It is the end of an era, nearly. The 22nd of June is upon us and the living is not easy. Gone are the optimistic early summer days of bank accounts filled with graduation checks, stacks of preprinted thank you notes untouched on the table. Even more, I miss the late spring days-the year book signings predicting your life as a golden road stretching out before you, the phone number cheerfully given after one last meeting, the giggles shared in grad gowns.
Now it is mid summer, and the 90 degree heat causes my every proposed move to hang limp in the air. The room is strewn with construction paper for an unmade scrap book, abandoned to avoid thinking about others' summer adventures. The kanji cards lay in their coffee bucket and the computer paper for the comic gets wrinkled as it is accidentally sat on. No building up of the archives here. The job applications scatter to building after building to the constant chant of 'No jobs here.' The phone is silent, as phone numbers are lost, and people road trip in the bright sun.
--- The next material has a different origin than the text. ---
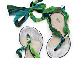 將奢華舒適完美演繹的美國(guó)休閑鞋品牌UGG Australia日前推出了全新春夏系列Shangri-La Col-lection(香格里拉系列)。該系列在綁帶涼鞋和羅馬鞋中融入了UGG的細(xì)致和舒適。以多種柔軟皮革、小山羊皮、絲綢為材料加以金屬的飾品搭配,讓整個(gè)系列充滿了時(shí)尚風(fēng)情,又不失品牌細(xì)膩的體貼。其中,Khole以時(shí)尚印花圖案的絲帶纏繞整個(gè)腳面和腳腕,讓雙腿更加美麗。

In the dim light of my family room, there is a humming of the Sharper Image fan amid the stacks of CDs and movies I plan to sell just to get them out of the house. Breakfast of Champions lays half finished on mailing envelopes. The few pin pricks to my bubble of isolation draw blood. A new boyfriend here, a road trip there, a new job over here. The hot cement seems to be waiting for something. The housing assignment is in, my future is sealed. Soon, I'll go out into the world. I don't think it'll change its spin.